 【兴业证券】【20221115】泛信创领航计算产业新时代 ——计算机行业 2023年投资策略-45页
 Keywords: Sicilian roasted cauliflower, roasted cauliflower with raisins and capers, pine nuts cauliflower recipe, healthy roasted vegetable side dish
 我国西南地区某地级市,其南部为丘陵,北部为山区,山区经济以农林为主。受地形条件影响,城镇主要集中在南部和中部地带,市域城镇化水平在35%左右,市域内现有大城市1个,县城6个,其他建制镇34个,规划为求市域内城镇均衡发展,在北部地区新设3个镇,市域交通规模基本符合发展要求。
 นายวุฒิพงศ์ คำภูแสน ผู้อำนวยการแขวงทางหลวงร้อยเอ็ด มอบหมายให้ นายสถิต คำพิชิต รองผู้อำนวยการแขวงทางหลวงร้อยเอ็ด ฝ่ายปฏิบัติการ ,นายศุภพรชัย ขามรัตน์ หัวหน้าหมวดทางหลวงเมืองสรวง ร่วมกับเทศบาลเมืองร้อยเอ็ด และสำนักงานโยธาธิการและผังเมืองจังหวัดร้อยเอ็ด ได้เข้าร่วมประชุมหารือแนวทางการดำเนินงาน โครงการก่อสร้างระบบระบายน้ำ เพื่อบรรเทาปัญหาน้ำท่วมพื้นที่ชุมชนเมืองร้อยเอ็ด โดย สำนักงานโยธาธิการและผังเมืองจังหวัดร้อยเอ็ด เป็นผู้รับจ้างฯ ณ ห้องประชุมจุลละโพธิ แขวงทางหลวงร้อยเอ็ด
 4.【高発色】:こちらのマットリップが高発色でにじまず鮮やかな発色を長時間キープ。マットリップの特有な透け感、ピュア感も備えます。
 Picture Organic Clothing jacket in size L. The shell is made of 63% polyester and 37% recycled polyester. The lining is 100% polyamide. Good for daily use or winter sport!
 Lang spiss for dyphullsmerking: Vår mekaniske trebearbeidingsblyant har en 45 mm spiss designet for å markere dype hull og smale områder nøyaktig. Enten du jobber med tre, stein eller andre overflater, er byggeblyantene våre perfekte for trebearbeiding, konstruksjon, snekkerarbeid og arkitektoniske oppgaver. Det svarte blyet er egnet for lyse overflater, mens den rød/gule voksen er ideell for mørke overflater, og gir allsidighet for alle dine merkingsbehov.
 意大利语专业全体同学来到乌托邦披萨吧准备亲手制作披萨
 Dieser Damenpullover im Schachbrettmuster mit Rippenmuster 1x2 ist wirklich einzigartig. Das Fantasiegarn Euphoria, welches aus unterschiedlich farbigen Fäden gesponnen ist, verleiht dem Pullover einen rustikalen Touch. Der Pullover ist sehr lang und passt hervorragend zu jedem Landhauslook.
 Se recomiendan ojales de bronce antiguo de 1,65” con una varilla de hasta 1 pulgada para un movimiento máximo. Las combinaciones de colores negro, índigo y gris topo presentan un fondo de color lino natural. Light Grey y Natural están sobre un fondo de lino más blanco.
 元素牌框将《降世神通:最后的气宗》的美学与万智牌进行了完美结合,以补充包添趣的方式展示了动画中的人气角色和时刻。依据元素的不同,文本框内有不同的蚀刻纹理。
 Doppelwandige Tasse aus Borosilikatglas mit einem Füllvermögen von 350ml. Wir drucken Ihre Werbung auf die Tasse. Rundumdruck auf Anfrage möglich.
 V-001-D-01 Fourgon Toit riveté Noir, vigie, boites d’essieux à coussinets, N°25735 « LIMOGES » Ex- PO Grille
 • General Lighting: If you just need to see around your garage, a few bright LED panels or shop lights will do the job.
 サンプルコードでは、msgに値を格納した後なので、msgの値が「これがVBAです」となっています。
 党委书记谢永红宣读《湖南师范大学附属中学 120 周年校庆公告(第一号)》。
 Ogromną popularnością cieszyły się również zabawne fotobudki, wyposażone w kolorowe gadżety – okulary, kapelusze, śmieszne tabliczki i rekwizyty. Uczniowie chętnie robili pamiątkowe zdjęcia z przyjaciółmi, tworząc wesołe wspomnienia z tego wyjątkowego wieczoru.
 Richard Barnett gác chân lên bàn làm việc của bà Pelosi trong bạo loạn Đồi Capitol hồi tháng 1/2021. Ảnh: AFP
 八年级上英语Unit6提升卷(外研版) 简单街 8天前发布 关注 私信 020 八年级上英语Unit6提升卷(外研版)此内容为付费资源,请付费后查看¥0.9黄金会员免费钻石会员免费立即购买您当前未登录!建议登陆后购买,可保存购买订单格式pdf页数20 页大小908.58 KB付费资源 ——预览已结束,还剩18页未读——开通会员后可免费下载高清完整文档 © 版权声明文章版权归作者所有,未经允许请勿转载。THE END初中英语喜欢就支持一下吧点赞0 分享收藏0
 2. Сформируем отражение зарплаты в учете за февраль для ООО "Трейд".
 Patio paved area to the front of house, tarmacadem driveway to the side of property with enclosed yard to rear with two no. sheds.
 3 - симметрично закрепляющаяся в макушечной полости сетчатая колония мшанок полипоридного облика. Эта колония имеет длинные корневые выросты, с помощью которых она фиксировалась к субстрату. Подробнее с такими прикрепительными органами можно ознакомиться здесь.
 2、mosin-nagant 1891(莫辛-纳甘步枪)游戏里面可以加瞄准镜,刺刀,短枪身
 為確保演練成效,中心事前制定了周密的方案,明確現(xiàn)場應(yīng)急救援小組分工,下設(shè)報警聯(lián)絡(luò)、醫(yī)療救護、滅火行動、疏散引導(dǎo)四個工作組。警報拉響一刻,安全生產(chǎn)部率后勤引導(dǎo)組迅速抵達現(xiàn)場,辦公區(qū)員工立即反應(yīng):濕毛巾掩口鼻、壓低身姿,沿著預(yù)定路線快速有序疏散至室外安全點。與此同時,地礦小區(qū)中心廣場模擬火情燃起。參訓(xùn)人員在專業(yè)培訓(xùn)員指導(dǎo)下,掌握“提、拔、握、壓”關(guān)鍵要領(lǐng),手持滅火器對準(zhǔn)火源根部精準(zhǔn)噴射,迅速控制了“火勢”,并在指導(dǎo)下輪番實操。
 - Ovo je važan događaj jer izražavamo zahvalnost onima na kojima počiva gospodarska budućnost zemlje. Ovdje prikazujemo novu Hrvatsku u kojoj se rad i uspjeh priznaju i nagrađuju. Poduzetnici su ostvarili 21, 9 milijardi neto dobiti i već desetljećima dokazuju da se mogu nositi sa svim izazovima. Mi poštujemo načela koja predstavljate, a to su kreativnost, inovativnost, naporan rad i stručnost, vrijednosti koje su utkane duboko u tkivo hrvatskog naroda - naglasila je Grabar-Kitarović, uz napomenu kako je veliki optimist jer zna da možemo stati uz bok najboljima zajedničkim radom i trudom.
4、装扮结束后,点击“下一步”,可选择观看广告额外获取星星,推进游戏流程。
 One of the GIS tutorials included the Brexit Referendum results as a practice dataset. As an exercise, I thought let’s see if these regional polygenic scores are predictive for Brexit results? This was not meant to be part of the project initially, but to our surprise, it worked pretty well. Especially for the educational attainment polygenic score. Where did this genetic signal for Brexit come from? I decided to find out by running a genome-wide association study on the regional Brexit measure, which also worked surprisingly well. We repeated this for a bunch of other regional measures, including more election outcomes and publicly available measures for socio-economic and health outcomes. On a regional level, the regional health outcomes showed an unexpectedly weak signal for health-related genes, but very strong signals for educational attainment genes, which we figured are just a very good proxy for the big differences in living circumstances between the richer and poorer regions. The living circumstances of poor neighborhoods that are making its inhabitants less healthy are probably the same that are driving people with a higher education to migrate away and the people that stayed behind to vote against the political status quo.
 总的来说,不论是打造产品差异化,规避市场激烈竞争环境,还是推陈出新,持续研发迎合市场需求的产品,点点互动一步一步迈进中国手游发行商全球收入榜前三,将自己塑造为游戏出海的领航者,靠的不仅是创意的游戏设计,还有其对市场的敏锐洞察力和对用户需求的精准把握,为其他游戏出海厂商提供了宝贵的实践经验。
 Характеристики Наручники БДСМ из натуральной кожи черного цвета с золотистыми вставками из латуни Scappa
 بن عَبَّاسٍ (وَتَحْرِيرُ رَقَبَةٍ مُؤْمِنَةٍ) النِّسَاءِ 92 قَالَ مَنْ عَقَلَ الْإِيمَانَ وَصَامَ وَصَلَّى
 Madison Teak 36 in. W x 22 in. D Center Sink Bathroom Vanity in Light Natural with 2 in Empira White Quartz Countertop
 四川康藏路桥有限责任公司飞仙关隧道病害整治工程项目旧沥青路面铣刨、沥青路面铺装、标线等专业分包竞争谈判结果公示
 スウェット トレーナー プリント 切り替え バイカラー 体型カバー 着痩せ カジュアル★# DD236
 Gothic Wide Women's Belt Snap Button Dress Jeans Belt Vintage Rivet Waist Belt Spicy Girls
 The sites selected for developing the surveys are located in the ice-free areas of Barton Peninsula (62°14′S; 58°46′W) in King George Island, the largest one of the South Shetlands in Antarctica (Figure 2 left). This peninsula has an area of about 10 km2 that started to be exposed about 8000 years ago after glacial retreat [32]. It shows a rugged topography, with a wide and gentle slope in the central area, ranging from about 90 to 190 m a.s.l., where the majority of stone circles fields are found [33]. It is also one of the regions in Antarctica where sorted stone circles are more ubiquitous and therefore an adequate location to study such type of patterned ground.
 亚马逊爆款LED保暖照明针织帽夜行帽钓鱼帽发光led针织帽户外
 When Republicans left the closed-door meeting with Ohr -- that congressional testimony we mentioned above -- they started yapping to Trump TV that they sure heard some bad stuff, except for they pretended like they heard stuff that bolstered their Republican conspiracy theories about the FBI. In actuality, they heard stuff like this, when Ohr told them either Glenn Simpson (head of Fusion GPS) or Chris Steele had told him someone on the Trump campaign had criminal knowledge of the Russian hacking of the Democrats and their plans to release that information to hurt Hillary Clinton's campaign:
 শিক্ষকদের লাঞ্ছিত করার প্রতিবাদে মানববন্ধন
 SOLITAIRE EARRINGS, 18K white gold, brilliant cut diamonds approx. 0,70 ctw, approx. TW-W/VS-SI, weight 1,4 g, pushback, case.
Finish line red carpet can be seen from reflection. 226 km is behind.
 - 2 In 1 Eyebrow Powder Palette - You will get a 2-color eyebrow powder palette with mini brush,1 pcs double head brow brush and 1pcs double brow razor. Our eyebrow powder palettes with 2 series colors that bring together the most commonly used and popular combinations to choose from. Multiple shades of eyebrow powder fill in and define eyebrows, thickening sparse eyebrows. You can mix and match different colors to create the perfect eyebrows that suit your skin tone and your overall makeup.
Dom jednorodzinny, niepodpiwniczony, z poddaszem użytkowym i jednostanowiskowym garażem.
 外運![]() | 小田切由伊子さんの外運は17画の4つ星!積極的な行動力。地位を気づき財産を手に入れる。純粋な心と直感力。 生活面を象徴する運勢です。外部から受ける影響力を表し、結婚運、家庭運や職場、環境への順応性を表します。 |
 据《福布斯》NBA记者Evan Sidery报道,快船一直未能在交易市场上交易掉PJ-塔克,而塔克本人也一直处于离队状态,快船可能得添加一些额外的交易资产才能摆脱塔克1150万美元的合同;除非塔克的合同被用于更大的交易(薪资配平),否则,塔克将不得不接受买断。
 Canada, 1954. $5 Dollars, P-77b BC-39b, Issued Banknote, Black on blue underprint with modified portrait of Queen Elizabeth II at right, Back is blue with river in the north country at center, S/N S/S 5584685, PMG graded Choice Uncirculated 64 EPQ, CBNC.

+---+

● EXERCISE:
Find the line that contains "Finish line red". Write out that line and every line after it through the end of the data, exactly, and nothing else.

● PROBLEM SOLUTION:
Finish line red carpet can be seen from reflection. 226 km is behind.
 - 2 In 1 Eyebrow Powder Palette - You will get a 2-color eyebrow powder palette with mini brush,1 pcs double head brow brush and 1pcs double brow razor. Our eyebrow powder palettes with 2 series colors that bring together the most commonly used and popular combinations to choose from. Multiple shades of eyebrow powder fill in and define eyebrows, thickening sparse eyebrows. You can mix and match different colors to create the perfect eyebrows that suit your skin tone and your overall makeup.
Dom jednorodzinny, niepodpiwniczony, z poddaszem użytkowym i jednostanowiskowym garażem.
 外運![]() | 小田切由伊子さんの外運は17画の4つ星!積極的な行動力。地位を気づき財産を手に入れる。純粋な心と直感力。 生活面を象徴する運勢です。外部から受ける影響力を表し、結婚運、家庭運や職場、環境への順応性を表します。 |
 据《福布斯》NBA记者Evan Sidery报道,快船一直未能在交易市场上交易掉PJ-塔克,而塔克本人也一直处于离队状态,快船可能得添加一些额外的交易资产才能摆脱塔克1150万美元的合同;除非塔克的合同被用于更大的交易(薪资配平),否则,塔克将不得不接受买断。
 Canada, 1954. $5 Dollars, P-77b BC-39b, Issued Banknote, Black on blue underprint with modified portrait of Queen Elizabeth II at right, Back is blue with river in the north country at center, S/N S/S 5584685, PMG graded Choice Uncirculated 64 EPQ, CBNC.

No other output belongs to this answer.